Yes, several things surprised us:
• The road system: English roads are often winding, completely covered by trees, and extremely narrow, many too narrow for oncoming cars to pass each other, except for special crossing-places. Biking is not recommendable (outside national parks): You see nothing because of the giant hedges along the smaller roads, and there are very few bike lanes.
• The food was better than expected. We avoided fish and chips, but we went to both pubs and restaurants, and we had excellent food everywhere. Jamie’s Italian, which we came across in several towns, was one of the children’s favorites.

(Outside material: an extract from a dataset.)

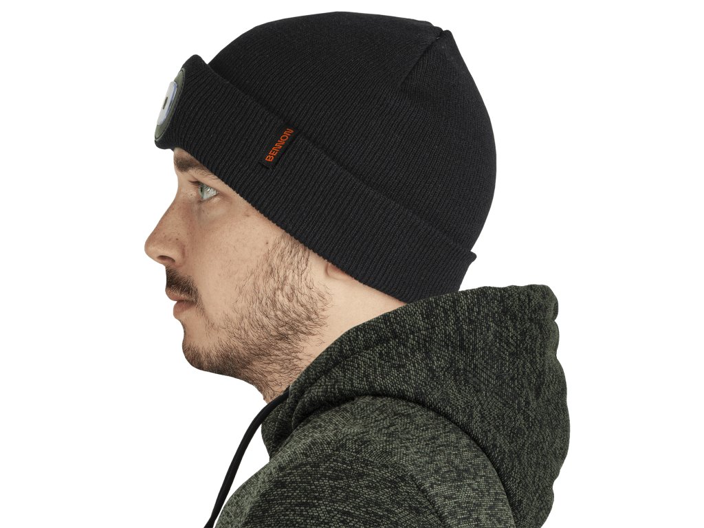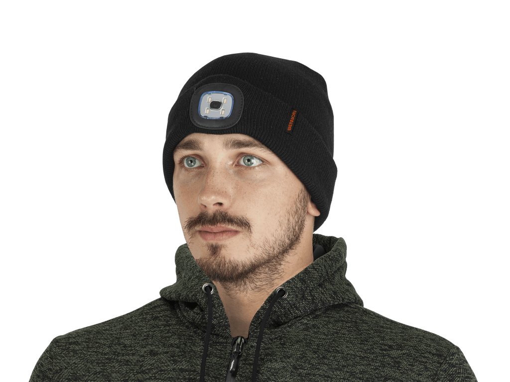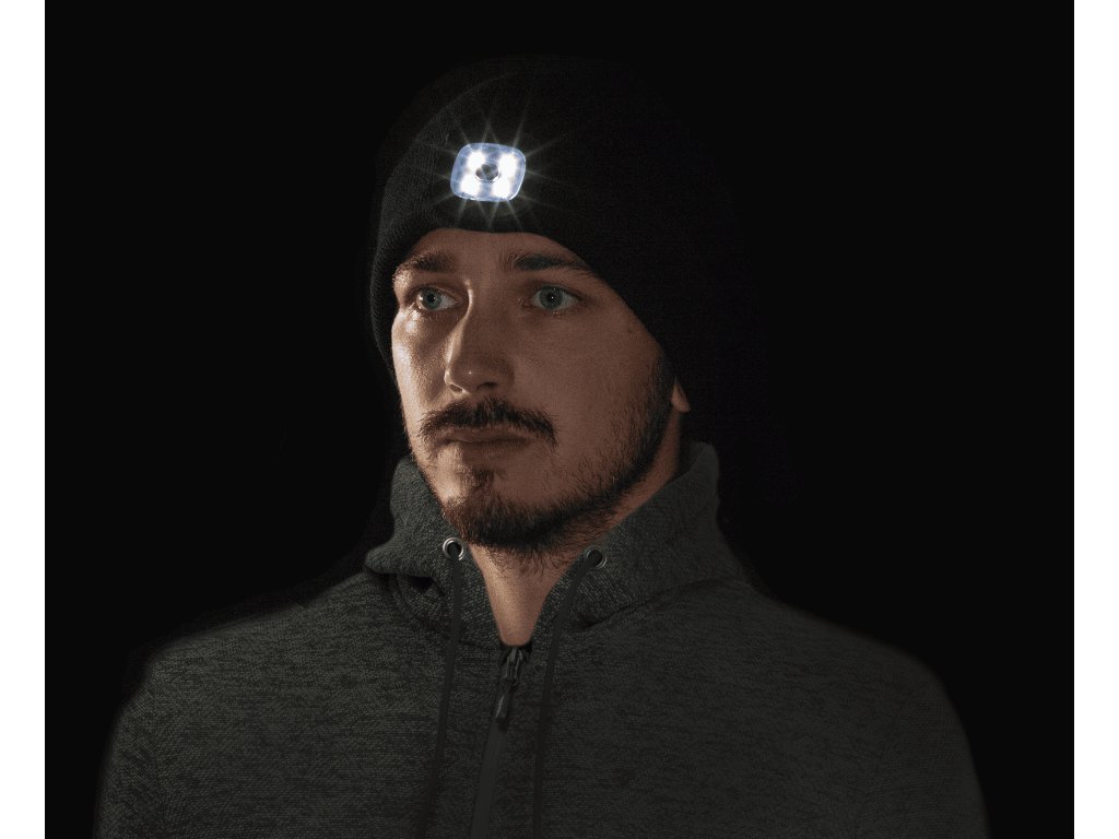 Praktická čepice se zabudovaným LED světlem vhodná pro práci venku i jiné večerní aktivity v chladném počasí.

• The price level was high: Kayak 32£ per person for 2 hours in New Forest (we skipped it); full English breakfast 12£. So, bring a fat wallet or a couple of high limit credit cards!
Towns and villages visited
Our 20 days road trip started in Harwich and went through Wivenhoe, St. Albans, Watford, Wendover, London, Oxford, Burford, Cirencester, Lower Slaughter, Upper Slaughter, Bath, Clovelly, Plymouth, Dartmouth, Brixham, Torquay, New Forest, Shaftesbury, Stonehenge, Winchester, Porthmouth, Lulworth, Bridport, Eastbourne, Rye, Canterbury, Lavenham, Long Melford, and Bury St. Edmunds.
We are a Danish family, living in the Hague area of the Netherlands. We have travelled with our two children in more than 25 countries, starting out with backpacks and a whole lot of diapers!